Our most frequent culprit for sudden and violent dizziness and nausea is BPPV (benign paroxysmal positional vertigo), but other less transient, likely contributors must not be discounted such as; Labrythitis, vestibular neuronitis, and Menier’s disease. Moving away from the inner ear, another very guilty suspect is the neck, even in the cases where it is not the primary cause, rarely does the neck remain uninvolved.
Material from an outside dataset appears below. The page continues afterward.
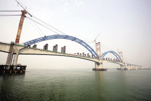 11月16日,中国铁建二十二局集团负责建设的铁路桥——广珠铁路西江特大桥顺利合龙。新建广州至珠海铁路全长189.376公里。这是一条双线货运铁路,计划于明年通车,建成后将成为珠三角的一条铁路大动脉。 新华社发(孔祥文摄)

Here is a brief example of listening and thoroughly assessing rather than assuming that the diagnosis already provided is correct. A lady came to me for treatment of intermittent, yet crippling dizziness that meant she no longer drove as she could not predict when the dizziness would occur, she would require time off from work, would cease exercising and most importantly was distressed by the erratic onset of the symptoms that left her feeling vulnerable and anxious. She was brought to me by another physiotherapist who asked me if I could treat her “vertigo, probably BPPV”. Furthermore, the client had been diagnosed with MS several years earlier adding the possibility of central causes for her symptoms. A thorough subjective and objective assessment, with close attention to the details of her symptoms allowed me to accurately and successfully treat her neck and devise a suitable rehabilitation and habituation program that has her happily driving and ‘episode’ free today.
My take home message? As a physio, look beyond the diagnosis. Really listen and find out if that person’s interpretation of ‘vertigo’ is the same as your interpretation of vertigo. Consider all causes. Of course some diagnoses will jump out at you, be thankful for those ones, but always be aware that there is A LOT in a name.
As a client, remember that your ‘vertigo’ may be different from that time that your neighbour had vertigo and that the treatment might also differ. It’s best to seek the advice of a trained professional.